Spearman's correlations between inflammatory markers and physical performance are shown in Table 2. CRP, IL-6, and IL-1RA were highly correlated with the summary physical performance score (r = −.162, r = −.251, and r = −.127, respectively) and with each single test. Significant correlations were also found for CRP and IL-6 with hand-grip strength (r = −.081 and r = −.089, respectively).
Regression coefficients for the association of inflammatory markers with summary performance score and hand-grip strength (adjusted for sociodemographic variables alone and then for sociodemographic variables, comorbidity, biological markers, and medication use) are shown in Table 3. High levels of IL-6 and IL-1RA were associated with a lower physical performance score ( p <.001 and p =.004, respectively). Stratification of the analyses according to specific summary performance score components (walking speed, chair-stand, and balance tests) produced similar results. No significant gender interaction was found in the relationships of inflammatory markers with summary performance score.
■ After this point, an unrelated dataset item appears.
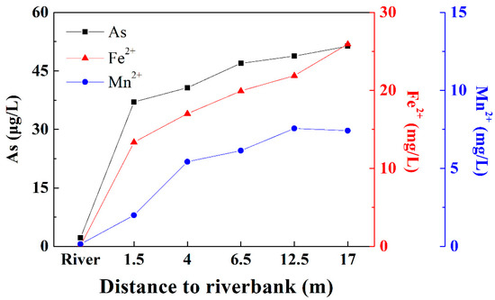 As was significantly positively correlated with Fe2+ and Mn2+ and negatively correlated with NO3− and SO42− (Table 2). NO3− and SO42− also had a negative correlation with Fe2+ and Mn2+, indicating that with the infiltration of river water, Fe3+, Mn4+, NO3− and SO42− were reduced in the process of increasing the arsenic concentration. There was a significant correlation between the components, indicating that there was a close relationship between iron, manganese, nitrogen and sulfur and the release of arsenic.

Significant associations between higher levels of CRP ( p <.001) and IL-6 ( p <.001) were also found for lower hand-grip strength. Significant gender interactions for hand-grip strength were found for CRP ( p =.014) and IL-6 ( p <.001). Stratified analyses for gender showed that men were more likely to decrease their hand-grip strength at increasing levels of CRP (men: β −1.697, SE 0.471, p <.001; women: β −0.446, SE 0.277, p =.108) and IL-6 (men: β −2.030, SE 0.466, p <.001; women: β −0.646, SE 0.323, p =.046) than women.
When we tested the ratios IL-6/IL-6sR and IL-1β/IL-1RA, the first one only showed a significant value of association with summary physical performance score and hand-grip strength. However, the similar R2 explained variance found in the model that included the ratio term did not differ from the model that included the IL-6 level, indicating that the ratio term between IL-6 and IL-6sR did not improve prediction of the model.
We examined which factors were associated with both the physical performance measures and the inflammatory markers to identify the strongest confounders in our association. Age seemed to be the most important confounder of the link between inflammatory markers and physical performance outcomes.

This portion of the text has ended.